The Farmers' Union and the Farmers' Association held negotiations in July 1922. They were able to reach compromise on some key areas, including the issue of the land reform, but the association was interested only in a temporary alliance in the upcoming October 1922 election to the First Seimas. After the election, the union agreed to the merger, but the association rejected it.

Some local chapters would switch between the Farmers' Union and the Farmers' Association. For example, in November 1921, Ramygala chapter with 100 members defected to the union, while Daukšai chapter defected to the association.

== Platform ==
The union considered farmers to be the basis of national prosperity and, therefore, farmers should have the leading role in Lithuania's politics. The union had ambitions of representing farmers, the largest segment of the Lithuanian society, and becoming a major political party. The union based its platform on the principles of nationalism and Catholic faith. Banaitis opposed divisions and conflicts between the social classes.

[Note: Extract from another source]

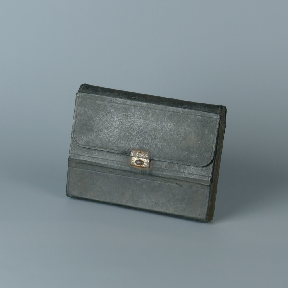 etui van leer met drukkersluiting, inhoudend 10 blan...

The union opposed the 1922 land reform in Lithuania which nationalized land owned by manor owners and distributed it to small farmers. It compared the land reform to Bolshevism. While the union agreed with the general principle of the land reform, it believed that it should be implemented with less haste as destruction of large farms would lead to economic disruption and higher taxes for small farmers. The government should nationalize neglected land and distribute it only to those who owned proper tools and equipment. The union supported the inviolability of private property, demanded fair compensation for the nationalized property, and advocated for the removal of restrictions on selling land. The union also called for prohibition of lumber exports, elimination of requisitions, availability of low-interest loans, reduction of costs for agricultural transport via the railroad.

The union criticized the Constituent Assembly of Lithuania as ineffective and called for its dissolution. For example, it criticized the assembly for delaying the introduction of the Lithuanian litas, the national currency, and for budget deficit of 25%. The union drafted its program which included constitutional articles. For example, it called for a democratic republic and a president elected for a five-year term. The union opposed the separation of church and state.

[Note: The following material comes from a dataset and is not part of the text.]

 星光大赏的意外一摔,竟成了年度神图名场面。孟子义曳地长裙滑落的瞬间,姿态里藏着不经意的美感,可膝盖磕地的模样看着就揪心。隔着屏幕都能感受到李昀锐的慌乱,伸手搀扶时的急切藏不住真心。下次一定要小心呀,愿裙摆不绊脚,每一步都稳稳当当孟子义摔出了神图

Contemporaries criticized the party as representing interest of wealthy farmers, large landowners, and manor owners (Lithuanian nobility). Its leaders were criticized as city dwellers removed from agricultural work. The party was also criticized for being to dependent on the Party of National Progress. Mykolas Krupavičius, one of the leaders of the Lithuanian Christian Democratic Party and authors of the land reform, called the union "godless".

==Žemdirbių balsas==
On 7 October 1919, the union published the first issue of its weekly newspaper Žemdirbių balsas (Farmers' Voice) which was edited by Banaitis. The newspaper promoted the union in the Lithuanian elections, criticized the government (particularly the law on local self-governance), promoted economic issues relevant to the farmers (for example, encouraged linen production, opposed linen monopoly, advocated for a farmers' bank).

After the April 1920 election, the newspaper was discontinued on 14 May 1920. It was briefly relaunched between 1 January and 22 February 1921. It was published again from January 1922 to 5 February 1923.